With a teacher’s encouragement, Golijov’s childhood doodling became conscious composing at age 12, when he wrote a tone poem inspired by a Borges story, which he performed with friends at school. He later met composer Astor Piazzolla, whose revolutionary nuevo tango divided the Golijov household just as he divided the rest of the country.

“My mother admired him,” he says, “but my father, who was a great tango lover, did not.

Nonetheless, Piazzolla joined Golijov’s personal pantheon of musical greats, alongside Bach and Beethoven.

Golijov’s 1983 move to Jerusalem, at age 22, was triggered less by dreams of sharing a Jewish homeland than by outrage at his native country’s history of despotism and its nationalism during the Falklands War.

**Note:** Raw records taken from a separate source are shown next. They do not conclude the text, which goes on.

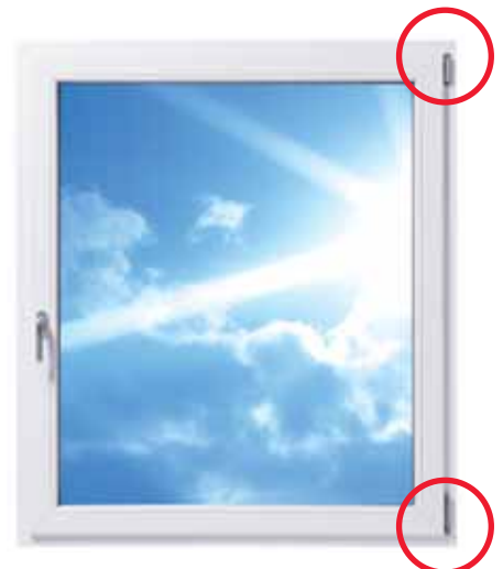
Ein herkömmliches Fenster mit sichtbaren Bändern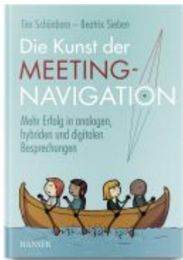
Die Kunst der Meeting-Navigation Ladenpreis: 51,40EUR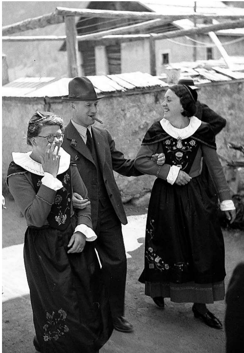
Schulterschluss mit einheimischem Brauchtum: Bundesrat Philipp Etter und seine Mitstreiter setzten im Abstimmungskampf auf die Mithilfe von Trachtenvereinen und Heimatschützern.

Wie kam es zu diesem erstaunlichen Resultat und wer unterstützte das Postulat der Rätoromanen? Diese Fragen standen im Zentrum der wissenschaftlichen Arbeit Valärs. Sie zu beantworten war laut Valär umso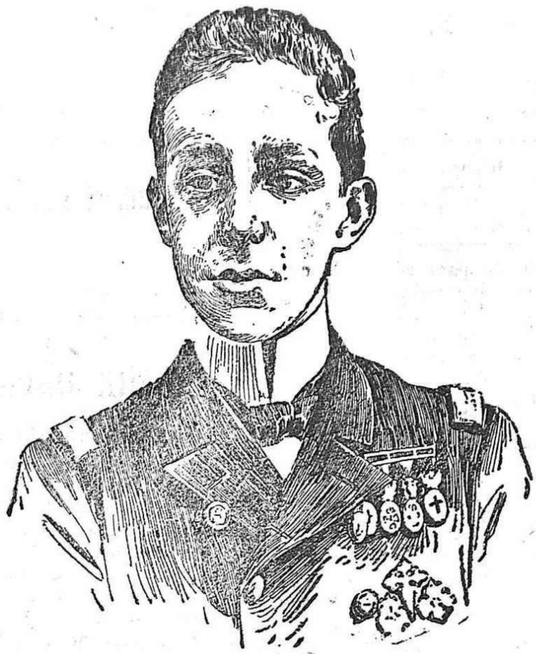
S. M. el Rey D. Alfonso XIII, que ha sido objeto de un infame atentado al salir del teatro de la Gran Opera, de París.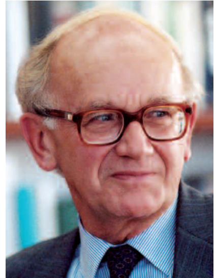
prof. emeritus Alexandre LAMFALUSSY 18. 01. 2007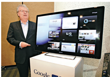
索尼將聯手谷歌推出「上網電視」

谷歌電視利用谷歌的Android軟件及Chrome網絡瀏覽器操作，用家可以使用索尼即將推出的上網電視機來上網，或使用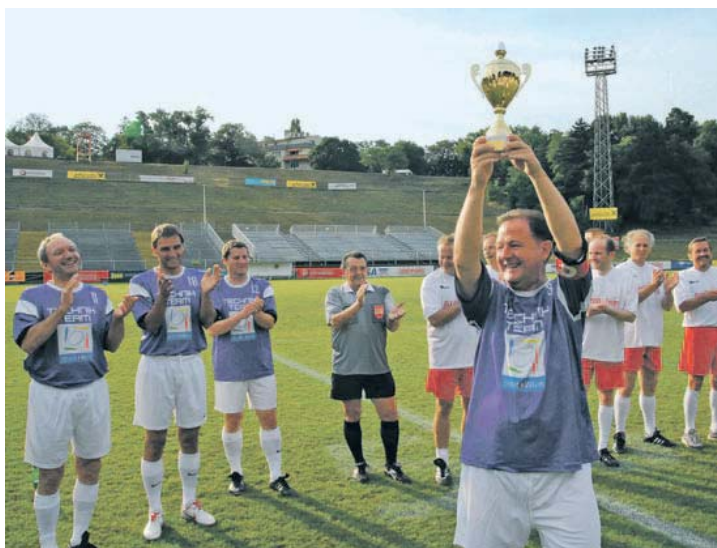
Das Technikteam Stadt Wien mit Pokal. Übrigens: Er wurde von der Stadt gestiftet. Noch Fragen?

Damit stand es 7:1. Oder so. Nachspielzeit gab es keine. Der souveräne Schiri übergab gleich nach Ende des Matches den von einer großen Hauptstadt, die anonym bleiben wollte, gespendeten guldernen Pokal. An welches Team, ist im allgemeinen Trubel untergegangen.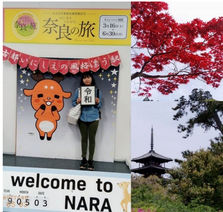
説明：黄金周大阪京都奈良遊 (2019/05/3)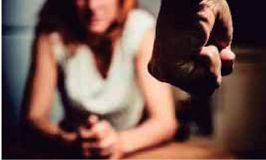
La mayoría de las mujeres que llegan a los juzgados a interponer denuncias por violencia doméstica presentan golpes en el rostro.

“La mayor parte de las denuncias vienen de los sectores de la Ri-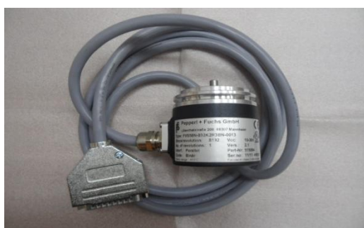
Рисунок 5 - Датчик угла FVS58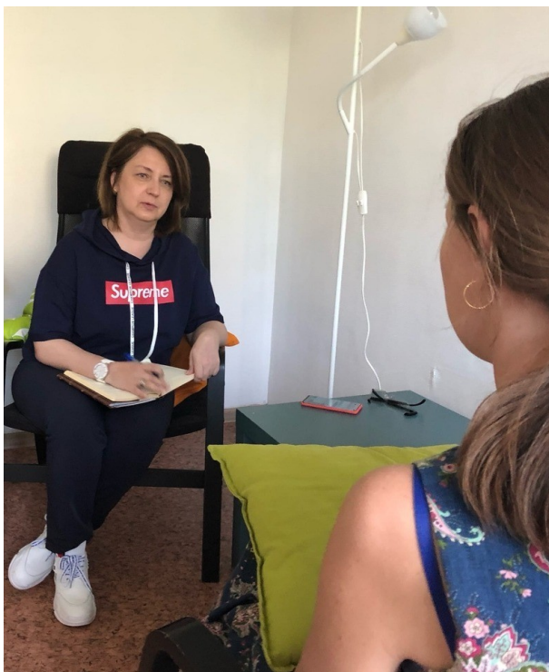
Консультация с подопечной фонда

Когда человеку ставят онкологический диагноз, это меняет его жизнь. И речь не только о том, что теперь ему предстоит частое посещение врача, операция или сложное лечение, реабилитация, отказ от привычного распорядка и образа жизни. Меняются и отношения с близкими — родителями, детьми, супругами. А если вокруг бушует опасный вирус, все усложняется еще больше.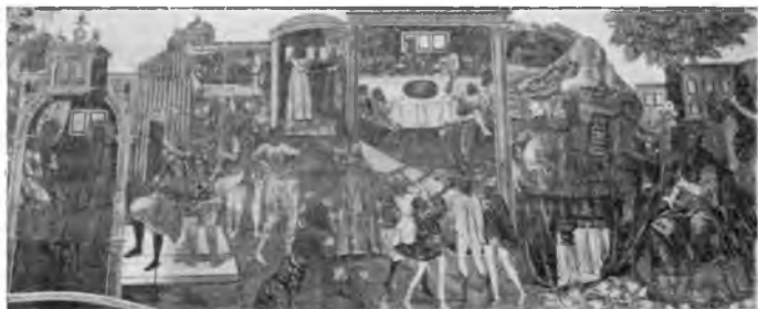
Вологда. Фреска 1717 г. в Иоанно-Предтеченской церкви, что в Рощенье.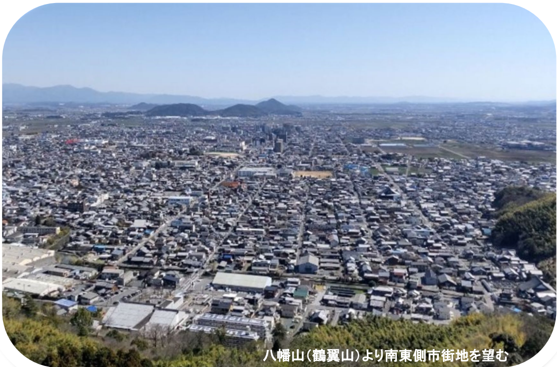
八幡山(鶴翼山)より南東側市街地を望む

Golijov, and his Argentine wife Silvia, felt at home in Israel, no longer in the minority for the first time. But after three years they decided to come to the United States.

“I’m really happy that I’m raising my family here,” says Golijov, whose three children range in age from 4 to 10. “I compare my children’s schooling with my own, and I am still amazed that there is no military presence.

“In Israel,” he continues, “everything is a case of life or death--even getting a loaf of bread is a major thing. I’m happy to have lived there, but I needed to move to a place where you can make things happen. In America I am able to work with people who exist in Argentina and Israel only on record covers.”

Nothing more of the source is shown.